INFORMATION SHOWN.
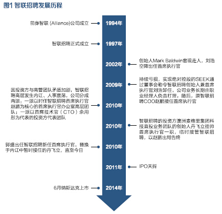 业内人称,智联招聘基本见证了中国互联网招聘业务所有走过的历史,它成立于1997年,前身是1994年创建的猎头公司智联 (Alliance)公司,但一路发展一路曲折。(如图1)
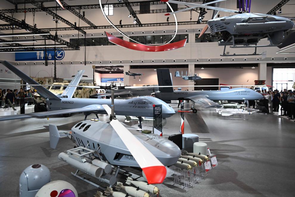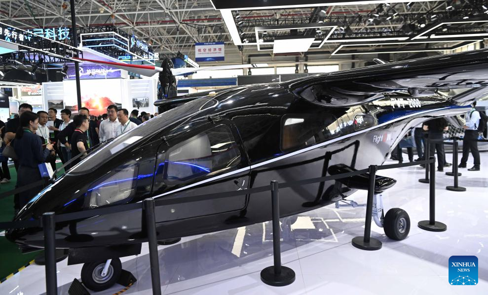 ZHUHAI, 14 noviembre, 2024 (Xinhua) -- Imagen del 13 de noviembre de 2024 de la aeronave AR-E300 de la Corporación de la Industria de la Aviación de China (AVIC, por sus siglas en inglés) en el Airshow China, en Zhuhai, en la provincia de Guangdong, en el sur de China. Un área de economía de baja altitud se instaló en la XV Exposición Internacional Aeronáutica y Aeroespacial de China, también conocida como Airshow China, mostrando productos y escenarios de aplicación relacionados. (Xinhua/Deng Hua)
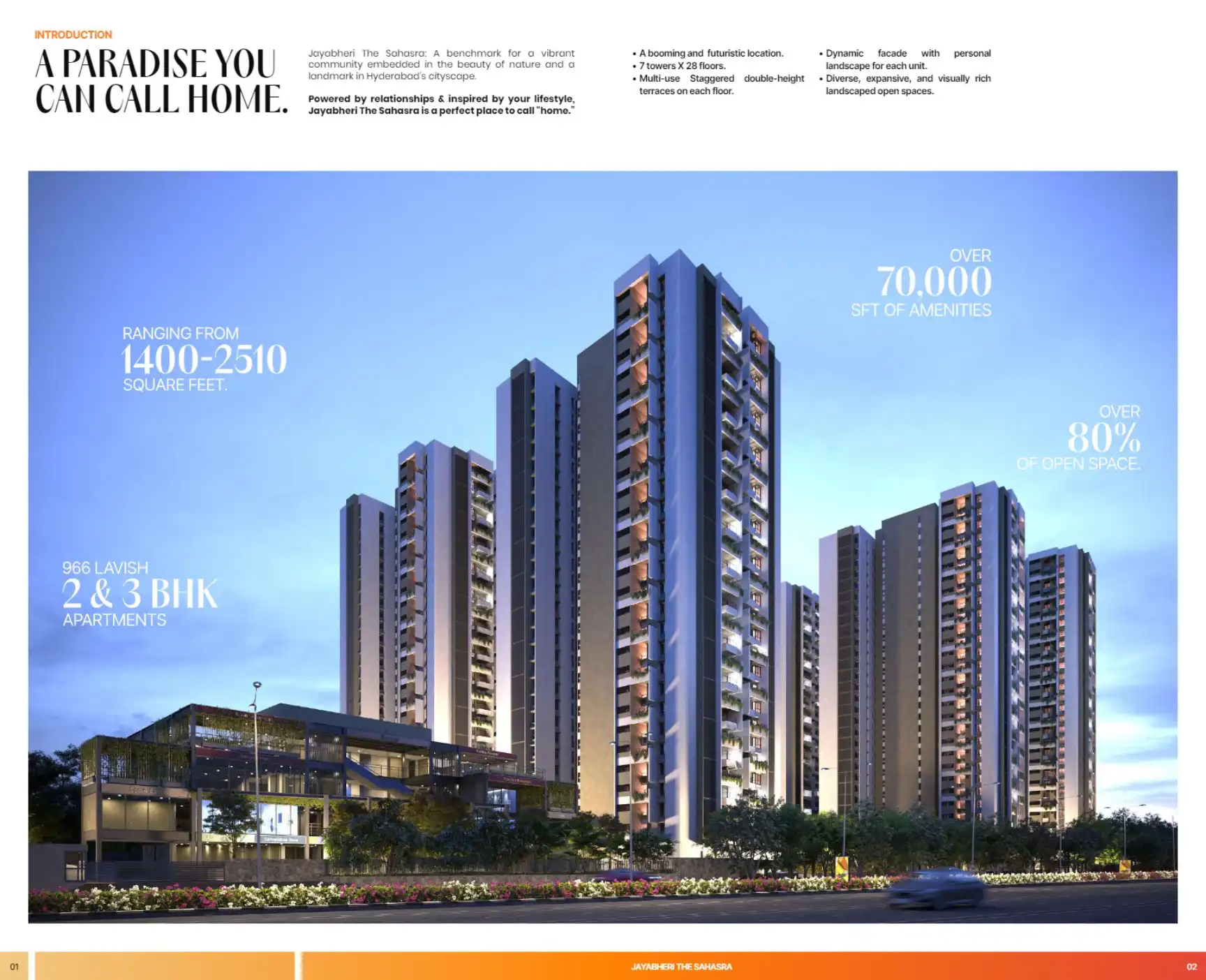 Jayabheri The Sahasra: A benchmark for a vibrant community embedded in the beauty of nature and a landmark in Hyderabad's cityscape. Powered by relationships & inspired by your lifestyle, Jayabheri The Sahasra is a perfect place to call "home."
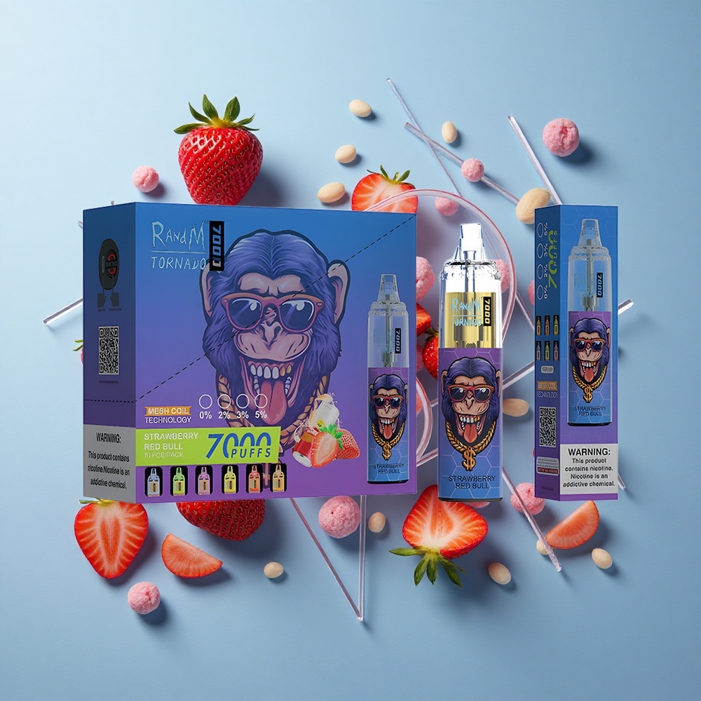 RandM Fumot Tornado 7000 Wegwerf-Vape mit 14 ML E-Liquid und Erdbeere Red Bull
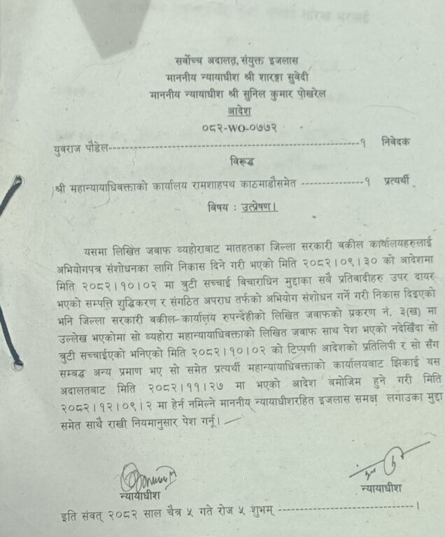 महान्यायाधिवक्ता कार्यालयको निर्णयविरुद्ध वरिष्ठ अधिवक्ता दिनेश त्रिपाठी, आयुष बडाल र युवराज पौडेल सफलले दिएको रिटमा सर्वोच्चले यस्तो आदेश दिएको हो ।
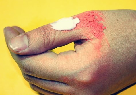 3. Usa el dedo índice de la mano contraria para mezclar el rubor con la crema. hasta ver una mezcla homogénea.
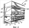 Вторым видеоисточником для монитора, на котором показывается реклама, информация для покупателя или другое содержание, может быть видеомагнитофон 266, например, кассетный видеомагнитофон, видеопроигрыватель компакт-дисков, полупроводниковый цифровой видеопроигрыватель, прямое видео, аудиопоток или другой видеоисточник. Что касается коммутатора 264, то коммутация между изображением с камеры и рекламой или другим содержанием может осуществляться аппаратным таймером или небольшим микроконтроллером. Камера 260 может быть небольшой автономной камерой, не соединенной с какой-либо частью существующей охранной системы, или она может быть любой типичной магазинной камерой наблюдения, имеющейся в охранной сети магазина. Монитор 262 может быть небольшим плоским цветным жидкокристаллическим монитором, который можно установить в различных положениях на или вблизи полки 104. Например, монитор может быть установлен на подвесной вывеске над продаваемым товаром или может быть установлен на кромке полки 104. В некоторых вариантах выполнения можно использовать большой монитор, например, ЭЛТ, плазменный, жидкокристаллический или проекционный. Предпочтительный полупроводниковый цифровой видеопроигрыватель может содержать вторичный видеоисточник. Источник может быть размещен в том же кожухе, что и монитор, или может быть удаленным от монитора.
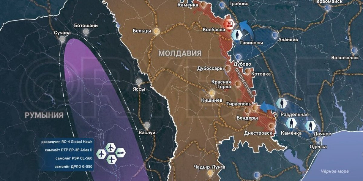 ▪️Помимо наращивания контингента ВСУ на восточных рубежах Приднестровья активизировалась разведывательная авиация НАТО: в последние дни в воздушном пространстве Румынии отметились стратегический БЛА-разведчик Global Hawk, самолёт радиотехнической разведки ЕP-3 Е, самолёт радиоэлектронной разведки CL-560 и самолёт системы дальнего радиолокационного обнаружения G-550.
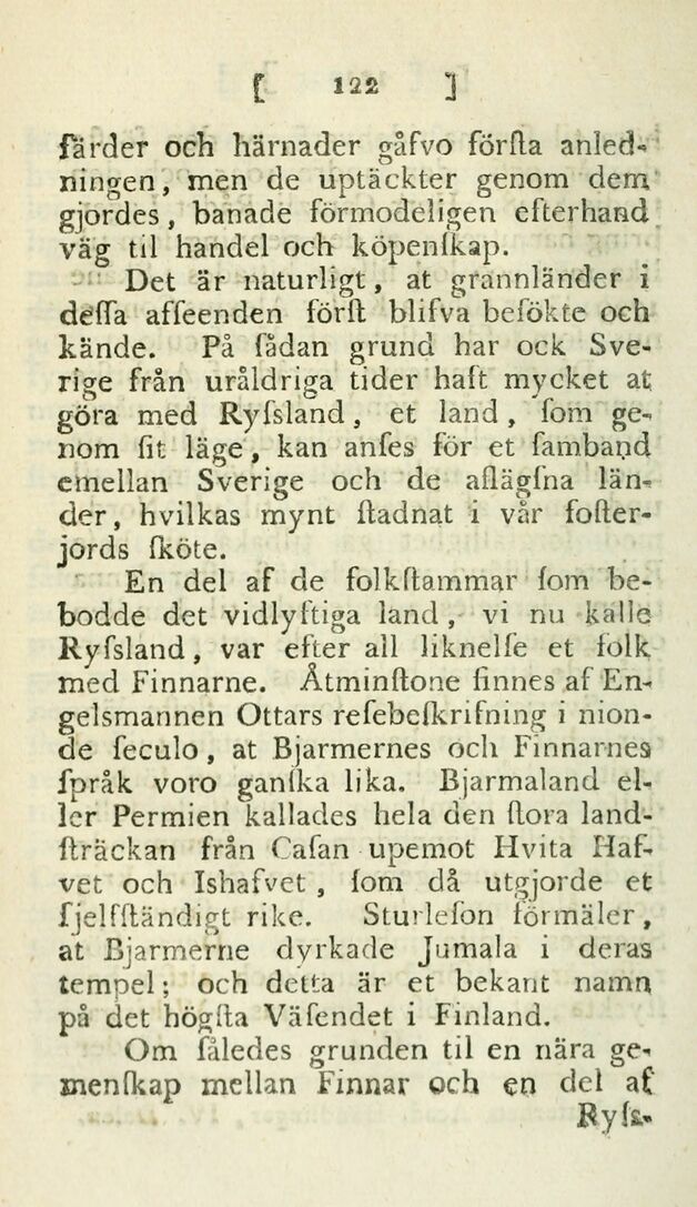En del af de folkstammar ſom bebodde det vidlyftiga land, vi nu kalle Ryſsland, var efter all liknelſe et folk med Finnarne. Åtminstone finnes af Engelsmannen Ottars reſebeſkrifning i nionde ſeculo, at Bjarmernes och Finnarnes ſpråk voro ganſka lika. Bjarmaland eller Permien kallades hela den ſtora landſträckan från Caſan upemot Hvita Hafvet och Ishafvet, ſom då utgjorde et ſjelfſtändigt rike. Sturleſon förmäler, at Bjarmerne dyrkade Jumala i deras tempel; och detta är et bekant namn på det högſta Väſendet i Finland.
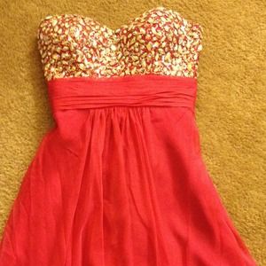 Proms/homecoming dress! Bought size 4 altered it down to around a 2. There's a few loose beads but otherwise perfect condition! Only worn once!
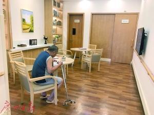 在這里,每位老人入院就建立健康檔案,每天早晚均有醫(yī)生護士兩次查房,一一記錄老人生命體征的監(jiān)測、呼吸、脈搏、進食飲水等。此外,護士24小時值班,有些老人諸如糖尿病需要定時用藥,“樓下醫(yī)生開出藥方,由護士喂藥或打針!贬t(yī)院還提供康復(fù)訓(xùn)練,面向一些失能、失智老人。
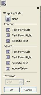 Aceasta optiune poate fi accesata si din bara de proprietati a imaginii apasand pe butonul urmator, deschizandu-se astfel o fereastra de optiuni asupra modalitatii de asezare a imaginii fata de text:
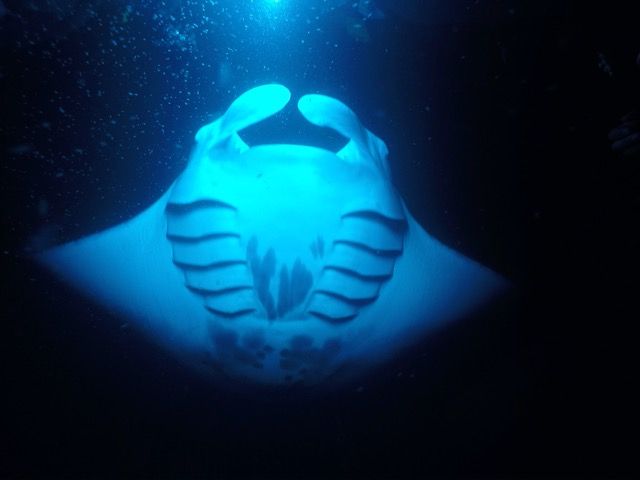 ウェットスーツ、足ひれ、ゴーグルをつけ筏のロープに腕を伸ばした状態でつかまり浮いていると筏のブルーライトに寄ってくるプランクトンめがけて3メートル大のマンタが斑模様のおなかを見せながら大きな口を開けて私たちスレスレに何度も回転する様子には、あまりの迫力にただただ圧倒され感動するばかりでした。本当に貴重な感動体験ができました。

PROMPT. Take the material above and output only the lines from the one that contains "Jayabheri The Sahasra: A" through the one that contains "3. Usa el dedo", ends included and images left out.

PROBLEM SOLUTION.
 Jayabheri The Sahasra: A benchmark for a vibrant community embedded in the beauty of nature and a landmark in Hyderabad's cityscape. Powered by relationships & inspired by your lifestyle, Jayabheri The Sahasra is a perfect place to call "home."
 RandM Fumot Tornado 7000 Wegwerf-Vape mit 14 ML E-Liquid und Erdbeere Red Bull
 महान्यायाधिवक्ता कार्यालयको निर्णयविरुद्ध वरिष्ठ अधिवक्ता दिनेश त्रिपाठी, आयुष बडाल र युवराज पौडेल सफलले दिएको रिटमा सर्वोच्चले यस्तो आदेश दिएको हो ।
 3. Usa el dedo índice de la mano contraria para mezclar el rubor con la crema. hasta ver una mezcla homogénea.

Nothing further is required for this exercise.